このほか、1日のほとんどをアライナーを装着したまま過ごすため(※アライナーの装着時間はブランドにより異なります)、奥歯の咬み合わせ部分に強い力がかかって咬み合わせに違和感をおぼえるリスクがあることも理解しておきましょう。
これらのリスクを避けるには、歯科医師としっかりコミュニケーションをとり、事前にリスクを理解したうえで治療に臨むことが大切です。
アライナー矯正のメーカー(ブランド)によっては治療前でも相談できる窓口を設けているところもあるので、このような窓口を利用するのもおすすめですよ。
まずはクリニックでアライナー矯正に適した症状か診察してもらおう!
アライナー矯正(マウスピース矯正)は透明で目立たない矯正装置を使用するため、近年人気が高まってきている治療法です。
「こんなに目立たないのならやってみたい」
と思う方も多いと思いますが、アライナー矯正は症状によって向き・不向きがあります。
また、アライナー矯正にはメリットだけでなくデメリットもあります。
今まで通りにメイクや食事ができて、金属アレルギーでも治療が可能なのはメリットですが、アライナーの装着時間を守る必要があり、噛みしめによって顎関節に影響が出ることがあるなどのデメリットもあります。
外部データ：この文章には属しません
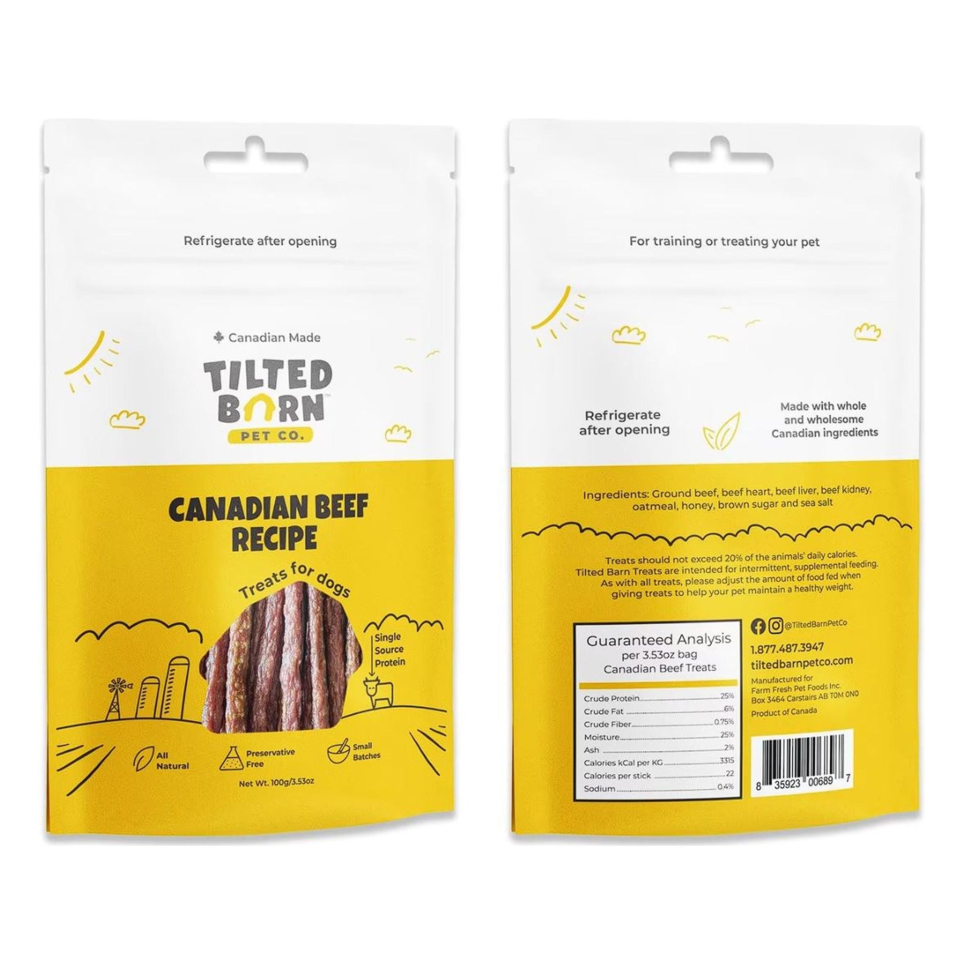 Reward your furry friend with Tilted Barn Pet Co Beef Recipe Treats For Dogs! They’re made in Canada with clean, simple ingredients and without preservatives. Created from single source protein—all natural beef—these su paw delicious, soft, meaty chews will be loved by even your most paw snickety pooch. Pepperoni style jerky treats are paw fect for training, an anytime snack or just because you love him. Proudly created in a woman owned company.

アライナー矯正が気になる方は、まずはあなたの症状が適応となるかどうかを初回検診で歯科医師に診断してもらいましょう。
アライナー矯正以外の矯正歯科治療法も含めて、あなたに合った治療法を提案してもらえますよ。
※本記事は2024年4月時点での公式情報を元に編集したものです。最新の情報とは異なる可能性がありますので、ご注意ください。
※保険適用外の自由診療となります。